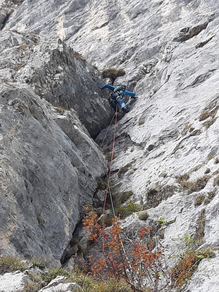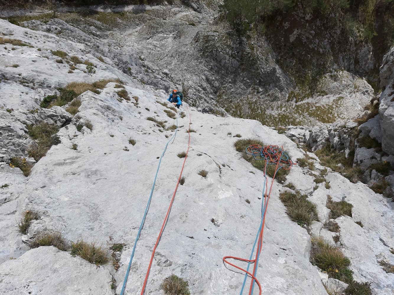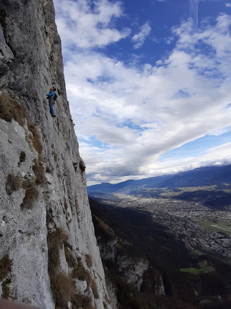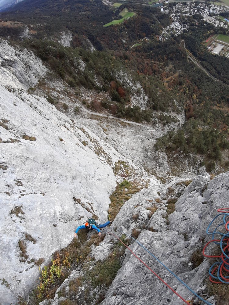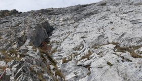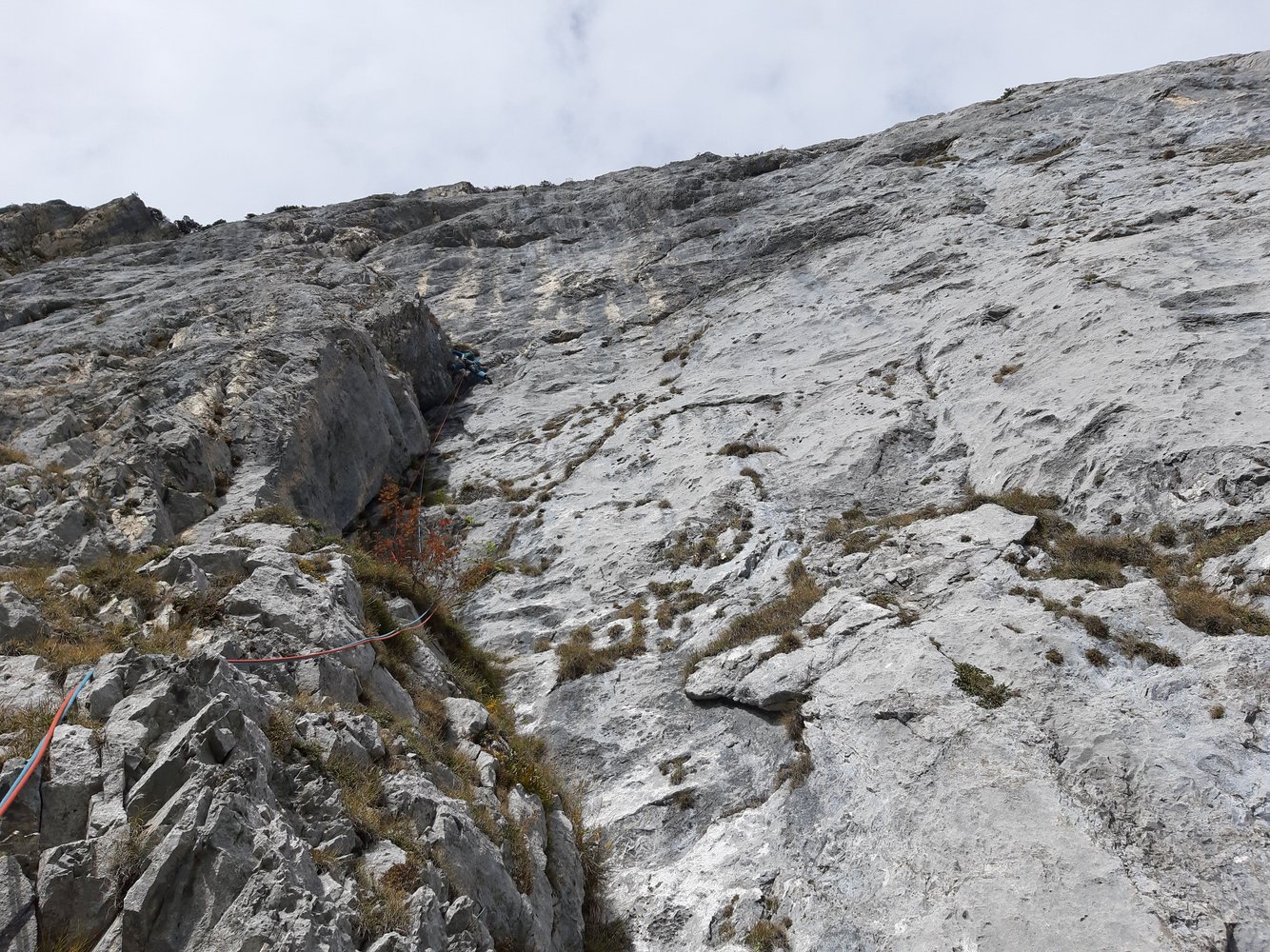 Unterer Teil der eigentlichen Tour - markante Verschneidung bis sichelförmigen Abschlussdachl - zuerst grasig, teils brüchig und spärlich abgesichert. nach oben hin wird die vegetation weniger und der fels besser. in der Schlüssellänge - Quergang unter dem Dachl nach rechts - stecken viele alten Rostgurken und kann mit BD3 gut ergänzt werden. Nächste SL weitere Rechtsquerung über Platte noch gut mit NH versichert. Im oberen Wandteil konnten keine weiteren Haken ausgemacht werden, aber Standplätze wurden bei Begehung genagelt und ein ZH belassen.
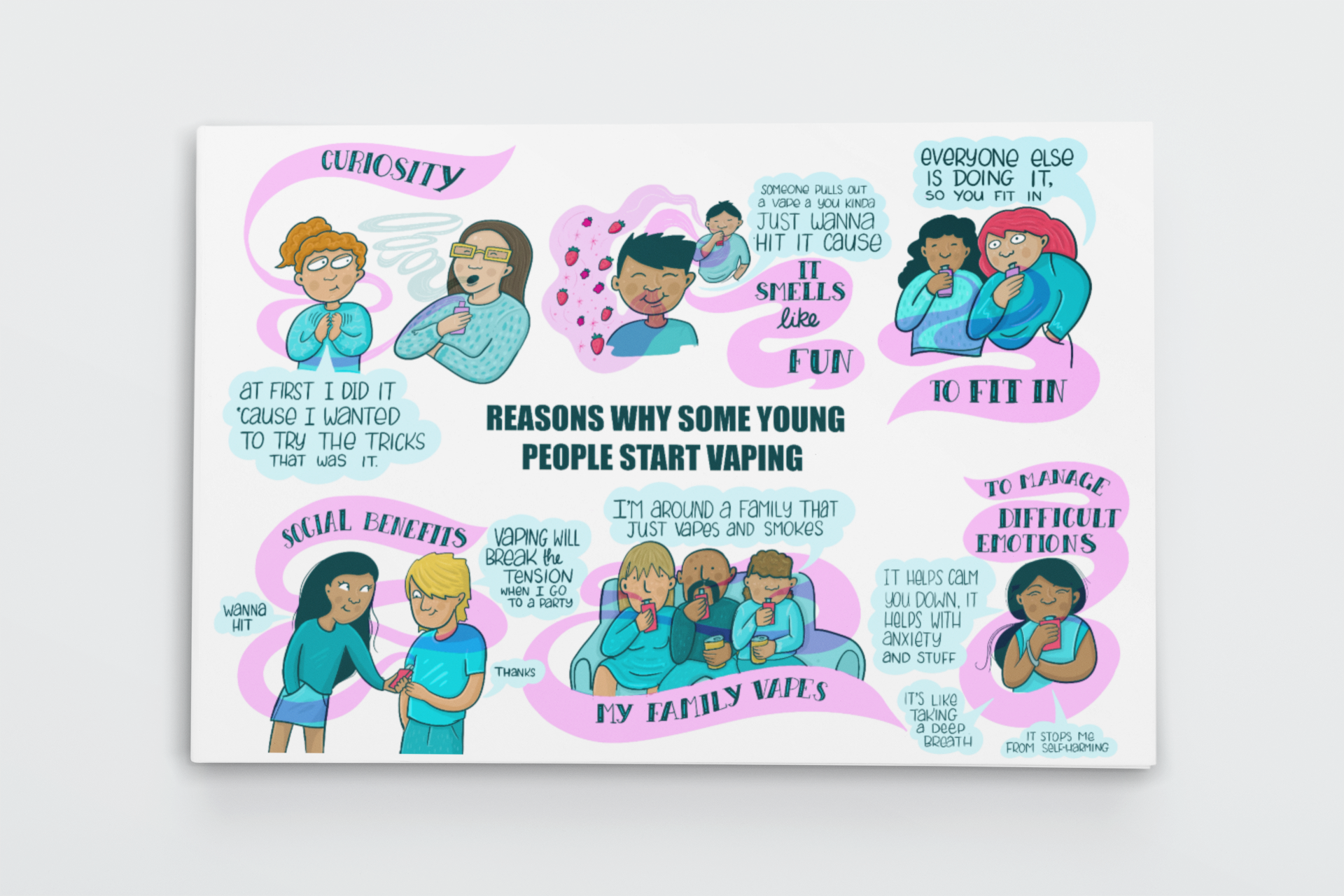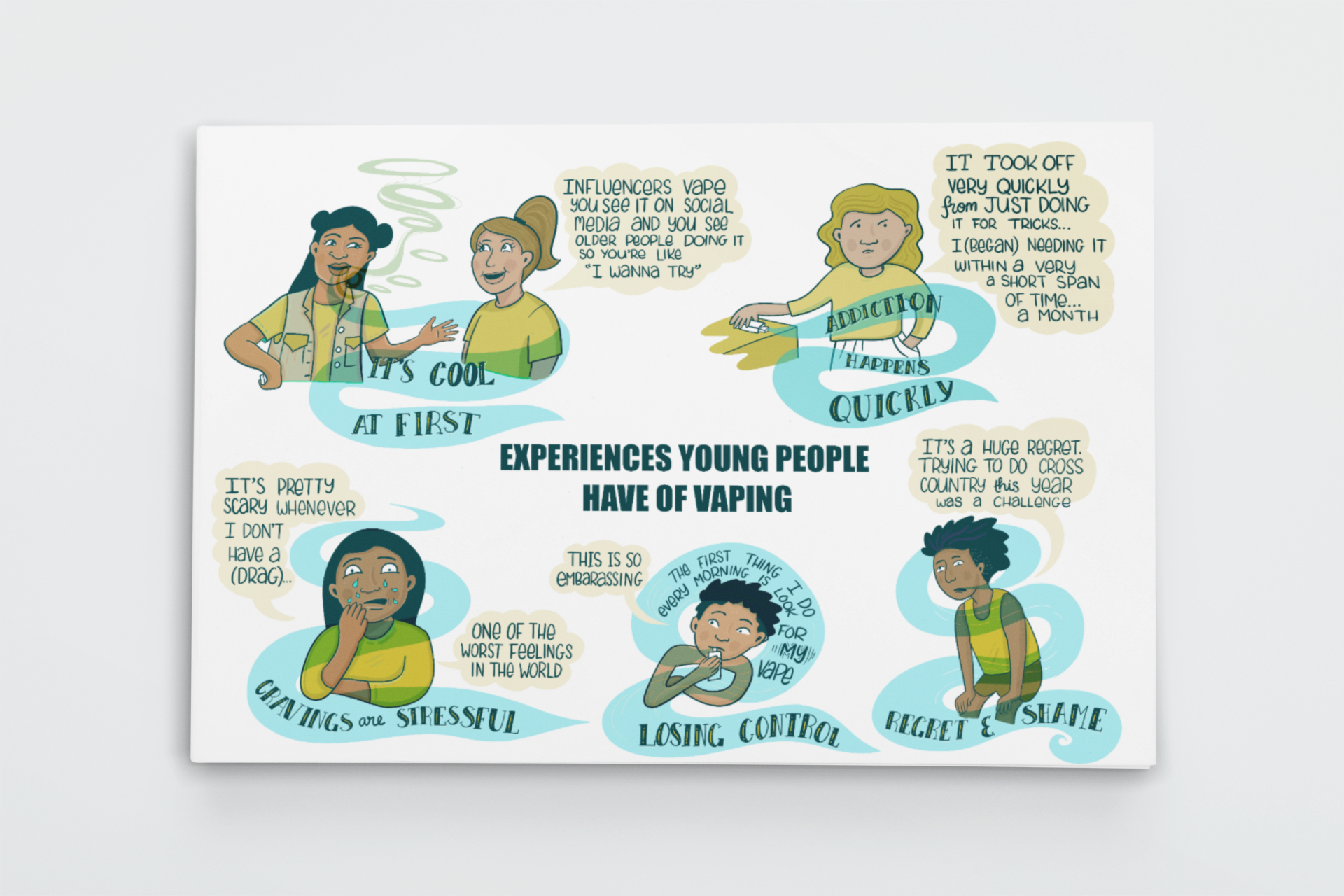 Young people's experiences of vaping are complex, personal and often hidden from view. Working with researchers at Otago University Public Health, I turned their findings into illustrated visuals that put young people, their voices and experiences at the centre.
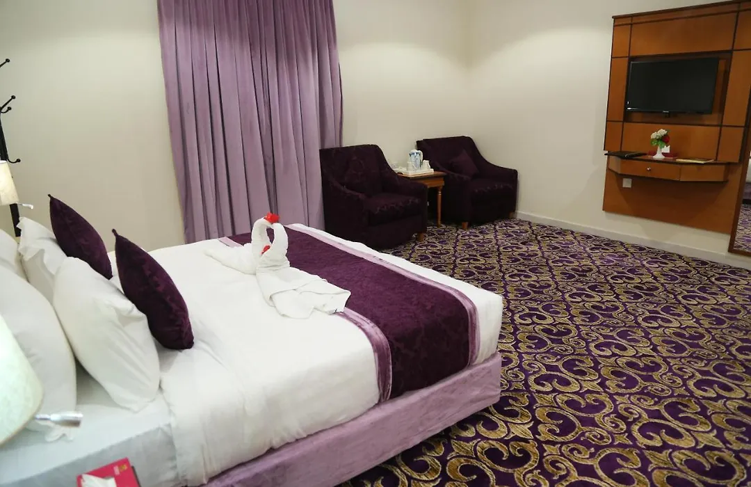 Amjad Al Deafah Hotel offers rooms with a living room and a dining area featuring air conditioning, along with a flat-screen TV with satellite channels. Some of these rooms also look out over the city.
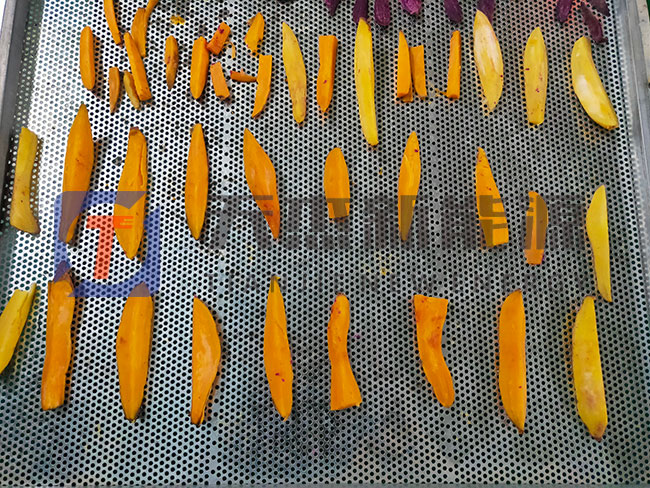將切好的地瓜片放入擺放在地瓜烘干機(jī)設(shè)備的托盤上。做到厚度均勻、擺放整齊。
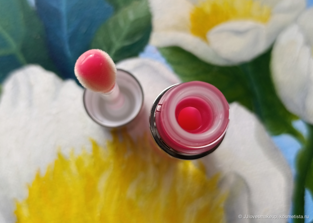 Аппликатор: огромная лапка на средней по длине ножке. Я такие люблю и в целом, и непосредственно у Lip Comfort Oil. Аппликатор очень нежный, пушистый, красить губы им безмерно приятно, иногда хочется просто лишний раз повести им по губам. На ножку посажен не жестко, гибко покачивается у основания.
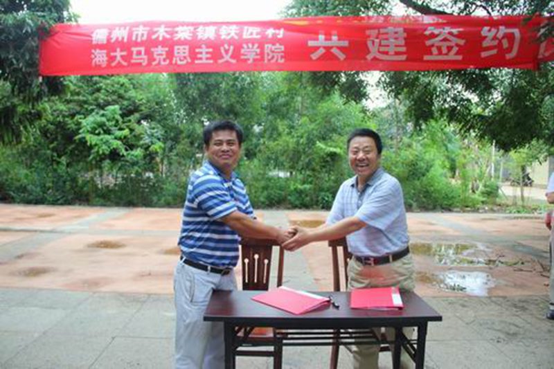 sunbet申搏官方网站张云阁副院长(左)与共青团儋州市委王明魁(右)书记签定“sunbet申搏官方网站思想政治理论课东坡书院社会实践教学基地共建协议”
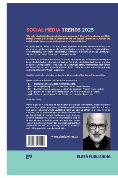 Wie sieht die digitale Kommunikation von morgen aus? Welche Technologien und Plattformen werden die Spielregeln verändern? Und wie können Unternehmen, Marken und Individuen in diesem dynamischen Umfeld erfolgreich bleiben?In "Social Media Trends 2025" wirft Daniel Elger de Castro Luis einen scharfen Blick auf die kommenden Entwicklungen der sozialen Medien und zeigt, wie sich Trends wie Künstliche Intelligenz, chinesische Plattformen, nachhaltiges Marketing und neue Community-Dynamiken auf den globalen Markt auswirken werden.Basierend auf fundierter Recherche, aktuellen Fallstudien und klaren Handlungsempfehlungen bietet das Buch Orientierung in einer Zeit, in der die digitale Welt immer schneller, komplexer und spannender wird. Egal, ob Sie Marketingprofi, Unternehmer oder einfach nur interessiert an der Zukunft der Kommunikation sind - dieses Buch wird Sie inspirieren und mit praktischem Wissen ausstatten. Zu den Trends im Buch gehören untera anderem:> Der Einfluss und die Nutzung künstlicher Intelligenz (KI / AI) und Social Media> Augemented und Virtual Reality> Social Media Sucht> Community Management> Social Commerce> Der Einfluss Chinas auf die weltweite Social Media Kommunikation> Neue und spannende Social Media KanäleSind Sie bereit, den nächsten großen Schritt zu machen? Die Zukunft beginnt hier.Dieses praxisnahe Arbeitsbuch beinhaltet mindestens:> 57 themenspezifische Zitate mit Quellenangabe> 86 Leseempfehlungen für das Vertiefen der einzelnen Themen> 92 Podcast-Empfehlungen, um weiter in die einzelnen Themen hineinzuhören> 282 praktische Fragen zur Selbstreflexion und Vorbereitung auf die Trends> 402 Verlinkungen zu Apps, Tools, Quellen und digitalen Angeboten
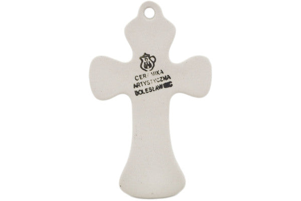 This Blue Daisy Peacock 3" Cross was handmade and hand decorated in Boleslawiec, Poland by skilled artisans according to old traditional methods. This Polish stoneware is microwave, dishwasher, freezer, and oven safe up to 480°F. It does not contain lead or cadmium. It is part of the Blue Daisy Peacock Collection.
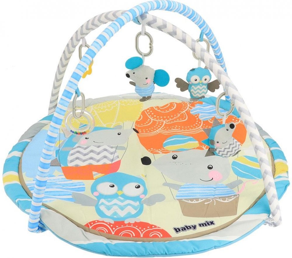 Krásna vzdělávací hrací deka s hrazdou Baby Mix, rozvíjí dětskou představivost díky poznávaní barev a tvarů. Měkká polstrovaná deka se svěžím designem. Díky jednoduché konstrukci a dodávané tašce lze deku lehce přenášet. Zavěšené hračky: chrastítka, pískací hračky. Hrazdičky se dají odepnout, stejně tak jako hračky. Příjemný a měkký materiál umožňuje pohodlné ležení na bříšku nebo zádech a umožňuj...

□ □ □ □

**WHAT YOU SHOULD DO:**
Wherever a picture appears in the records above, leave it out and transcribe everything else exactly.

**ANSWER TO THIS EXERCISE:**
 Unterer Teil der eigentlichen Tour - markante Verschneidung bis sichelförmigen Abschlussdachl - zuerst grasig, teils brüchig und spärlich abgesichert. nach oben hin wird die vegetation weniger und der fels besser. in der Schlüssellänge - Quergang unter dem Dachl nach rechts - stecken viele alten Rostgurken und kann mit BD3 gut ergänzt werden. Nächste SL weitere Rechtsquerung über Platte noch gut mit NH versichert. Im oberen Wandteil konnten keine weiteren Haken ausgemacht werden, aber Standplätze wurden bei Begehung genagelt und ein ZH belassen.
 Young people's experiences of vaping are complex, personal and often hidden from view. Working with researchers at Otago University Public Health, I turned their findings into illustrated visuals that put young people, their voices and experiences at the centre.
 Amjad Al Deafah Hotel offers rooms with a living room and a dining area featuring air conditioning, along with a flat-screen TV with satellite channels. Some of these rooms also look out over the city.
將切好的地瓜片放入擺放在地瓜烘干機(jī)設(shè)備的托盤上。做到厚度均勻、擺放整齊。
 Аппликатор: огромная лапка на средней по длине ножке. Я такие люблю и в целом, и непосредственно у Lip Comfort Oil. Аппликатор очень нежный, пушистый, красить губы им безмерно приятно, иногда хочется просто лишний раз повести им по губам. На ножку посажен не жестко, гибко покачивается у основания.
 sunbet申搏官方网站张云阁副院长(左)与共青团儋州市委王明魁(右)书记签定“sunbet申搏官方网站思想政治理论课东坡书院社会实践教学基地共建协议”
 Wie sieht die digitale Kommunikation von morgen aus? Welche Technologien und Plattformen werden die Spielregeln verändern? Und wie können Unternehmen, Marken und Individuen in diesem dynamischen Umfeld erfolgreich bleiben?In "Social Media Trends 2025" wirft Daniel Elger de Castro Luis einen scharfen Blick auf die kommenden Entwicklungen der sozialen Medien und zeigt, wie sich Trends wie Künstliche Intelligenz, chinesische Plattformen, nachhaltiges Marketing und neue Community-Dynamiken auf den globalen Markt auswirken werden.Basierend auf fundierter Recherche, aktuellen Fallstudien und klaren Handlungsempfehlungen bietet das Buch Orientierung in einer Zeit, in der die digitale Welt immer schneller, komplexer und spannender wird. Egal, ob Sie Marketingprofi, Unternehmer oder einfach nur interessiert an der Zukunft der Kommunikation sind - dieses Buch wird Sie inspirieren und mit praktischem Wissen ausstatten. Zu den Trends im Buch gehören untera anderem:> Der Einfluss und die Nutzung künstlicher Intelligenz (KI / AI) und Social Media> Augemented und Virtual Reality> Social Media Sucht> Community Management> Social Commerce> Der Einfluss Chinas auf die weltweite Social Media Kommunikation> Neue und spannende Social Media KanäleSind Sie bereit, den nächsten großen Schritt zu machen? Die Zukunft beginnt hier.Dieses praxisnahe Arbeitsbuch beinhaltet mindestens:> 57 themenspezifische Zitate mit Quellenangabe> 86 Leseempfehlungen für das Vertiefen der einzelnen Themen> 92 Podcast-Empfehlungen, um weiter in die einzelnen Themen hineinzuhören> 282 praktische Fragen zur Selbstreflexion und Vorbereitung auf die Trends> 402 Verlinkungen zu Apps, Tools, Quellen und digitalen Angeboten
 This Blue Daisy Peacock 3" Cross was handmade and hand decorated in Boleslawiec, Poland by skilled artisans according to old traditional methods. This Polish stoneware is microwave, dishwasher, freezer, and oven safe up to 480°F. It does not contain lead or cadmium. It is part of the Blue Daisy Peacock Collection.
 Krásna vzdělávací hrací deka s hrazdou Baby Mix, rozvíjí dětskou představivost díky poznávaní barev a tvarů. Měkká polstrovaná deka se svěžím designem. Díky jednoduché konstrukci a dodávané tašce lze deku lehce přenášet. Zavěšené hračky: chrastítka, pískací hračky. Hrazdičky se dají odepnout, stejně tak jako hračky. Příjemný a měkký materiál umožňuje pohodlné ležení na bříšku nebo zádech a umožňuj...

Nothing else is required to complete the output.